> Extracted information
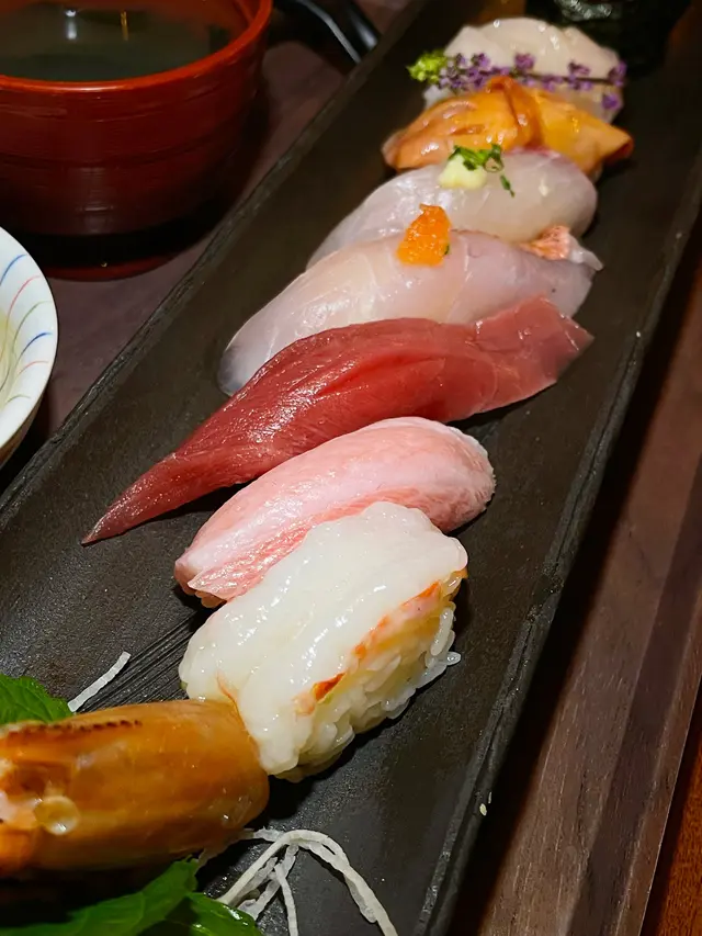 銅鑼灣魚鮮生刺身專門店,提供各款新鮮刺身壽司和丼飯,食材都是日本新鮮直送,裝潢走昭和日系居酒屋風格,午市套餐都是大眾化價錢,食物質素都不錯極上壽司定食 $388人氣no.1的壽司定食,共有10款壽司,用上時令魚生製作,每件都珍寶牡丹蝦壽司-肉質彈牙,鮮甜蝦味拖羅壽司-口感軟腍又肥美,油花豐富,入口即化鮪赤身壽司-入口細膩鮮甜金目鯛壽司-肉質軟嫩,入口散發陣陣魚香,鮮味滿腔池魚壽司-鮮甜爽口,魚味濃郁赤貝壽司-爽口甜美,非常新鮮珍寶帶子壽司-鮮甜厚身,嫩滑微爽,鮮甜清新馬糞海膽壽司-肥厚飽滿,香濃又creamy三文魚子壽司-粒粒飽滿明亮晶瑩,帶鹹香又鮮味京蔥左口魚壽司-魚油脂香加上京蔥很香口,炙燒過份外美味炸軟殼蟹手卷 $48大大件的軟殼蟹,炸得酥脆,外脆內軟,加上蛋黃醬吃很滋味玉子和風牛肉丼 $68上面鋪上滿滿的牛肉,牛肉份量比飯還要多,牛肉肉質嫩滑,拌勻蛋汁,加上洋蔥,珍珠米帶有飯香,滋味十足,超值之選…查看更多
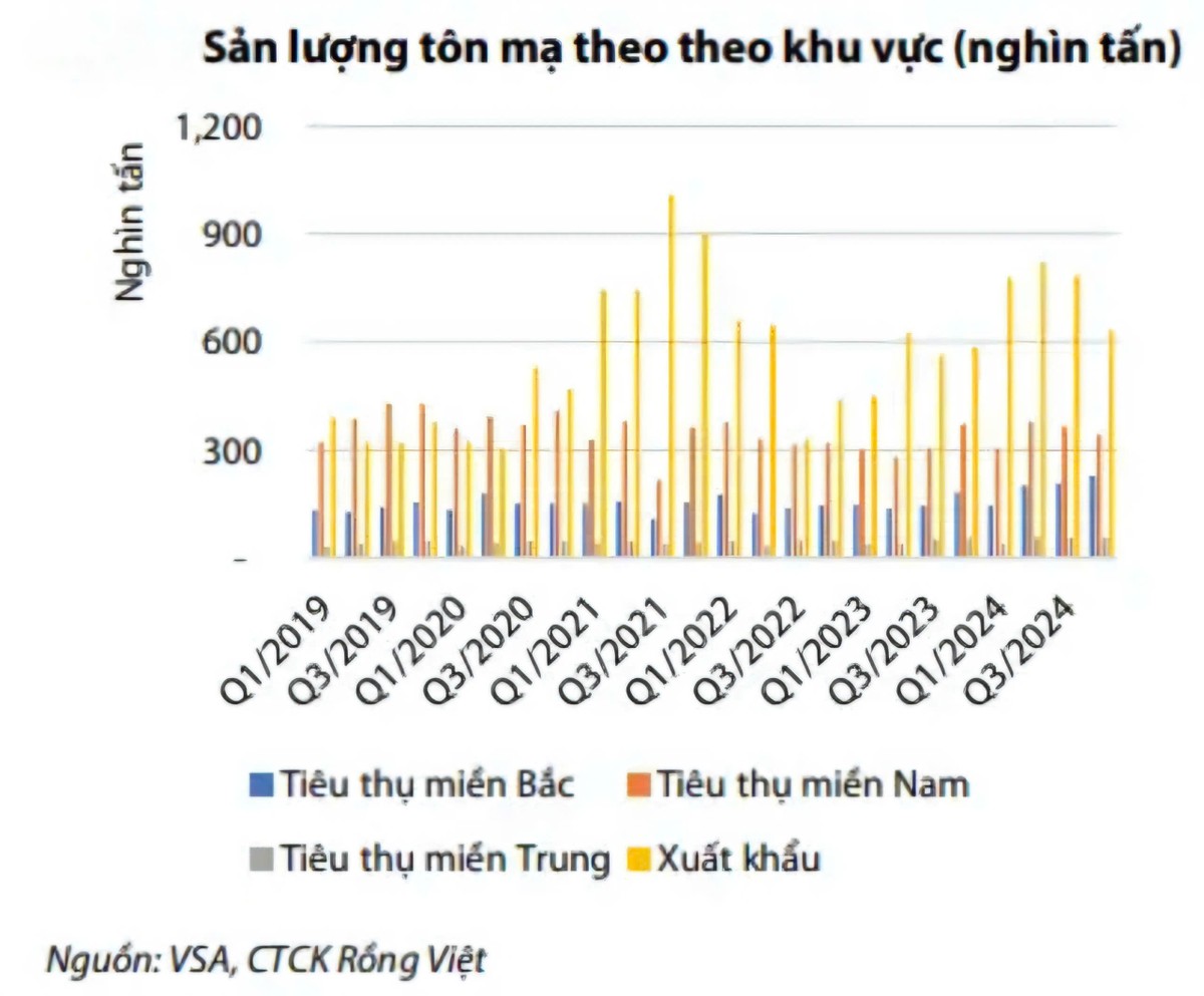 Đối với ngành thép trong nước, sau giai đoạn đầu năm tăng trưởng tốt về cả xuất khẩu và thị trường nội địa, VDSC dự báo thị trường nội địa sẽ duy trì tăng trưởng ổn định, trong khi xuất khẩu sẽ có sự sụt giảm trong quý IV/2024. Nhóm phân tích dự phóng sản lượng ngành tôn mạ sẽ đạt 1,3 triệu tấn trong quý IV/2024, tăng 26,9% so với cùng kỳ (trong khi quý III/2024 là hơn 1,4 triệu tấn). Tính chung cả năm 2024, VDSC dự phóng sản lượng nội địa có thể đạt 2,4 triệu tấn (tăng 16,5%) và xuất khẩu đạt 3 triệu tấn (tăng 36,5%).
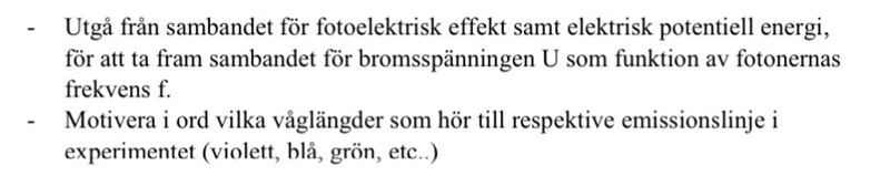 Hej under en laboration där en kvivkssilverlampa och bromsspänning används tillsammans med emmisionslinjer ska jag slutligen ta fram ett värdw på plancks konstant. Men först har jag dessa instruktioner. Från experimentet har jag olika Värden på spänningen samt våglängd för respektive emissionslinje.
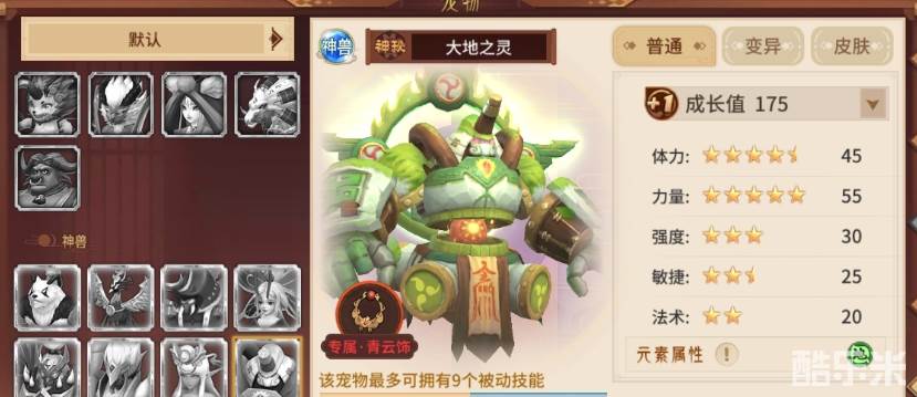 大地之灵这个宠物的技能设定是非常强力的,除了两个自带的专属技能之外,还会带有两个高级技能,这两个高级技能一般都是必杀和偷袭的。神级宠物最高是可以获得九个被动技能提升的,实战中可以获得不错的属性加成。
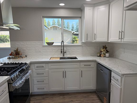 Mountain Views! Close to Lake Kaweah & Sequoia National Park! Welcome to this Charming Country Retreat in beautiful Lemon Cove, where modern comforts and wide-open spaces come together to create your perfect escape. Set on almost 1/2 acre this 3 bedroom 2-bath home has been completely remodeled from head to toe. Featuring an updated kitchen with New Custom Cabinetry, New Stainless Appliances, beautiful Quartz Countertops in the Kitchen, Bathrooms and Laundry Room. The spacious Breakfast bar is perfect for gathering with family and friends. The Bathrooms have also been thoughtfully updated with Quartz countertops and Custom Cabinetry, blending both style and practicality. The Backyard offers plenty of room for relaxation, hobbies and outdoor living. The Covered Patio is a perfect place to relax under the New Ceiling fans . This lovely home has so much to offer! Granite, Stainless, Beautiful Tile Back Splash, Luxury Vinyl flooring throughout, New Windows, New HVAC , New Roof, 25x17 Dog Run, New Electrical Panel Box, the list goes on & on!! Don't forget the 13X20 Mancave/Shop either!!!

> Work to be completed
Would you retype every line shown above exactly, leaving the pictures aside?

> Result of the exercise
 銅鑼灣魚鮮生刺身專門店,提供各款新鮮刺身壽司和丼飯,食材都是日本新鮮直送,裝潢走昭和日系居酒屋風格,午市套餐都是大眾化價錢,食物質素都不錯極上壽司定食 $388人氣no.1的壽司定食,共有10款壽司,用上時令魚生製作,每件都珍寶牡丹蝦壽司-肉質彈牙,鮮甜蝦味拖羅壽司-口感軟腍又肥美,油花豐富,入口即化鮪赤身壽司-入口細膩鮮甜金目鯛壽司-肉質軟嫩,入口散發陣陣魚香,鮮味滿腔池魚壽司-鮮甜爽口,魚味濃郁赤貝壽司-爽口甜美,非常新鮮珍寶帶子壽司-鮮甜厚身,嫩滑微爽,鮮甜清新馬糞海膽壽司-肥厚飽滿,香濃又creamy三文魚子壽司-粒粒飽滿明亮晶瑩,帶鹹香又鮮味京蔥左口魚壽司-魚油脂香加上京蔥很香口,炙燒過份外美味炸軟殼蟹手卷 $48大大件的軟殼蟹,炸得酥脆,外脆內軟,加上蛋黃醬吃很滋味玉子和風牛肉丼 $68上面鋪上滿滿的牛肉,牛肉份量比飯還要多,牛肉肉質嫩滑,拌勻蛋汁,加上洋蔥,珍珠米帶有飯香,滋味十足,超值之選…查看更多
 Đối với ngành thép trong nước, sau giai đoạn đầu năm tăng trưởng tốt về cả xuất khẩu và thị trường nội địa, VDSC dự báo thị trường nội địa sẽ duy trì tăng trưởng ổn định, trong khi xuất khẩu sẽ có sự sụt giảm trong quý IV/2024. Nhóm phân tích dự phóng sản lượng ngành tôn mạ sẽ đạt 1,3 triệu tấn trong quý IV/2024, tăng 26,9% so với cùng kỳ (trong khi quý III/2024 là hơn 1,4 triệu tấn). Tính chung cả năm 2024, VDSC dự phóng sản lượng nội địa có thể đạt 2,4 triệu tấn (tăng 16,5%) và xuất khẩu đạt 3 triệu tấn (tăng 36,5%).
 Hej under en laboration där en kvivkssilverlampa och bromsspänning används tillsammans med emmisionslinjer ska jag slutligen ta fram ett värdw på plancks konstant. Men först har jag dessa instruktioner. Från experimentet har jag olika Värden på spänningen samt våglängd för respektive emissionslinje.
 大地之灵这个宠物的技能设定是非常强力的,除了两个自带的专属技能之外,还会带有两个高级技能,这两个高级技能一般都是必杀和偷袭的。神级宠物最高是可以获得九个被动技能提升的,实战中可以获得不错的属性加成。
 Mountain Views! Close to Lake Kaweah & Sequoia National Park! Welcome to this Charming Country Retreat in beautiful Lemon Cove, where modern comforts and wide-open spaces come together to create your perfect escape. Set on almost 1/2 acre this 3 bedroom 2-bath home has been completely remodeled from head to toe. Featuring an updated kitchen with New Custom Cabinetry, New Stainless Appliances, beautiful Quartz Countertops in the Kitchen, Bathrooms and Laundry Room. The spacious Breakfast bar is perfect for gathering with family and friends. The Bathrooms have also been thoughtfully updated with Quartz countertops and Custom Cabinetry, blending both style and practicality. The Backyard offers plenty of room for relaxation, hobbies and outdoor living. The Covered Patio is a perfect place to relax under the New Ceiling fans . This lovely home has so much to offer! Granite, Stainless, Beautiful Tile Back Splash, Luxury Vinyl flooring throughout, New Windows, New HVAC , New Roof, 25x17 Dog Run, New Electrical Panel Box, the list goes on & on!! Don't forget the 13X20 Mancave/Shop either!!!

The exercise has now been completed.